**Exercise:**
Nothing but the lines from the one holding "- 2025 г. –" to the final line of the listing below, both included, should be repeated, and each must match exactly. Omit pictures.

**Data extract:**
Content starts

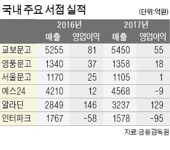 16일 금융감독원 전자공시시스템에 따르면 지난해 예스24와 알라딘, 인터파크(도서부문) 등 국내 3대 온라인 서점의 매출은 총 9383억원으로 전년(8826억원)보다 6.31% 증가했다. 같은 기간 영업이익은 100억원에서 25억원으로 4분의 1토막 났다. 예스24가 9억원의 영업손실을 내며 적자로 돌아선 데다 인터파크 도서부문의 적자 규모가 2016년 58억원에서 95억원으로 늘어났기 때문이다. 3사 중 알라딘만 흑자 기조를 유지했다. 지난해 129억원으로 전년(146억원)보다 영업이익 규모가 줄었지만 온·오프라인을 통틀어 유일하게 100억원이 넘는 영업이익을 올렸다. 전국 41곳에 이르는 오프라인 중고서점과 매장 내 굿즈(goods·관련 상품) 인기가 실적에 기여했다.
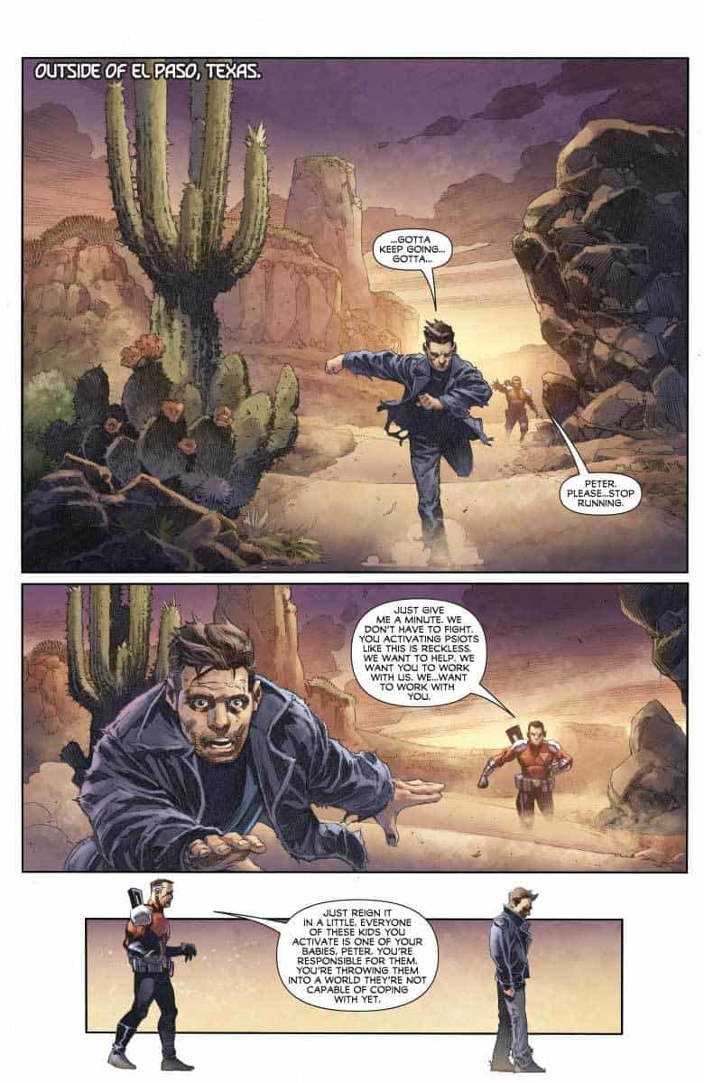 In the East, one of the most powerful minds on Earth, Peter Stanchek, is leading his band of Renegades across the country, activating any potential psiots willing to join them, and building an insurrection force of ultra-powerful and unwieldy new abilities that will soon bring war to Omen’s doorstep…and the unstoppable force known as X-O Manowar raging back to Earth…
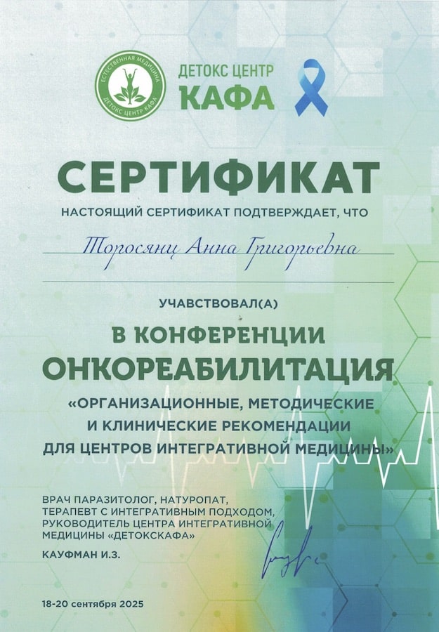 - 2025 г. – Конференция "Онкореабилитация", Центр интегративной медицины "Детокскафа"
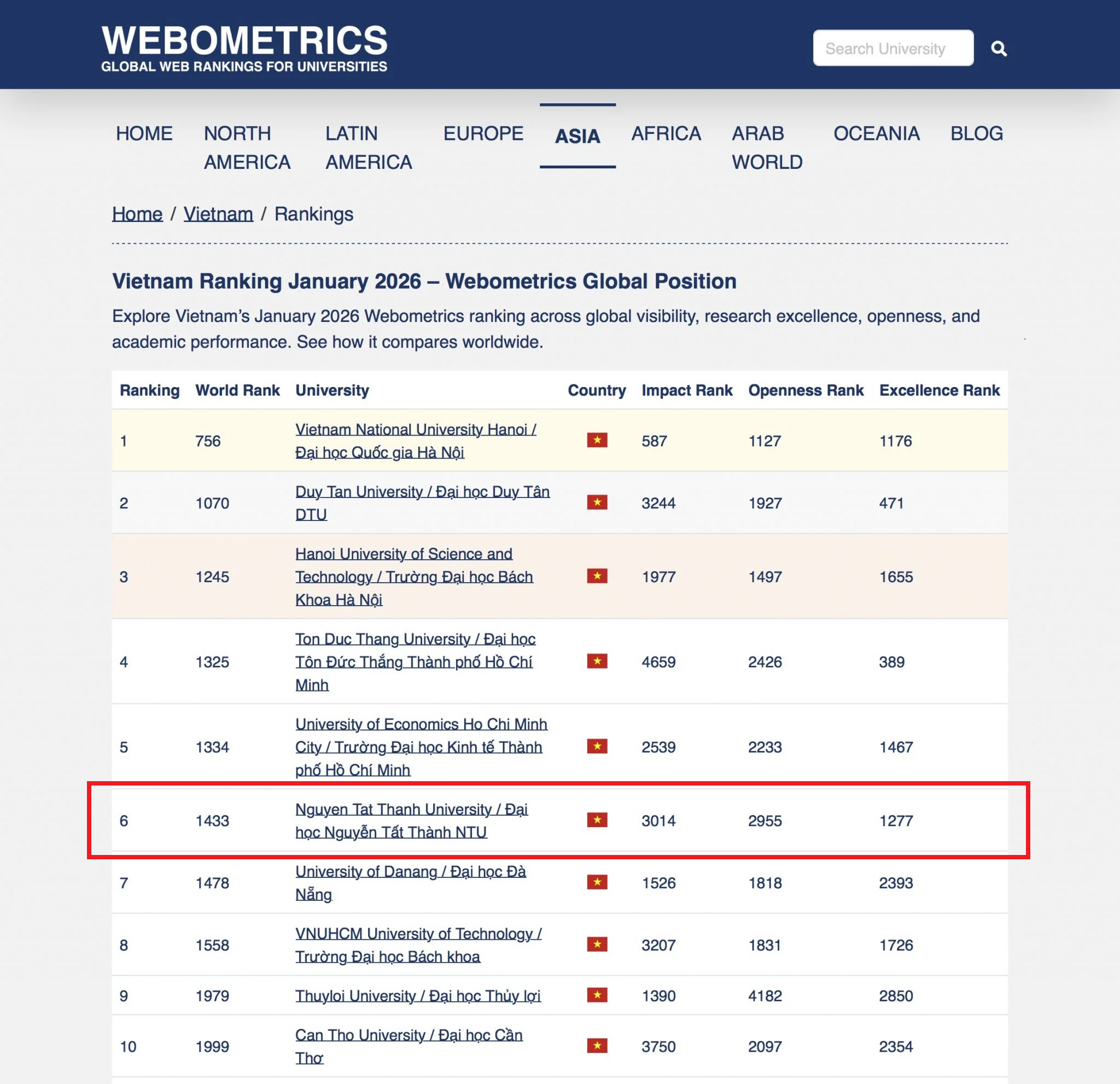 Năm 2026, Webometrics thực hiện xếp hạng hơn 32.000 cơ sở giáo dục đến từ hơn 200 quốc gia và vùng lãnh thổ trên toàn thế giới. Trong kỳ xếp hạng này, Trường ĐH Nguyễn Tất Thành vinh dự góp mặt trong nhóm 1.500 cơ sở giáo dục đại học hàng đầu toàn cầu, khẳng định uy tín và vị thế ngày càng nâng cao trên bản đồ giáo dục quốc tế.

Content ends

**Answer to this problem:**
 - 2025 г. – Конференция "Онкореабилитация", Центр интегративной медицины "Детокскафа"
 Năm 2026, Webometrics thực hiện xếp hạng hơn 32.000 cơ sở giáo dục đến từ hơn 200 quốc gia và vùng lãnh thổ trên toàn thế giới. Trong kỳ xếp hạng này, Trường ĐH Nguyễn Tất Thành vinh dự góp mặt trong nhóm 1.500 cơ sở giáo dục đại học hàng đầu toàn cầu, khẳng định uy tín và vị thế ngày càng nâng cao trên bản đồ giáo dục quốc tế.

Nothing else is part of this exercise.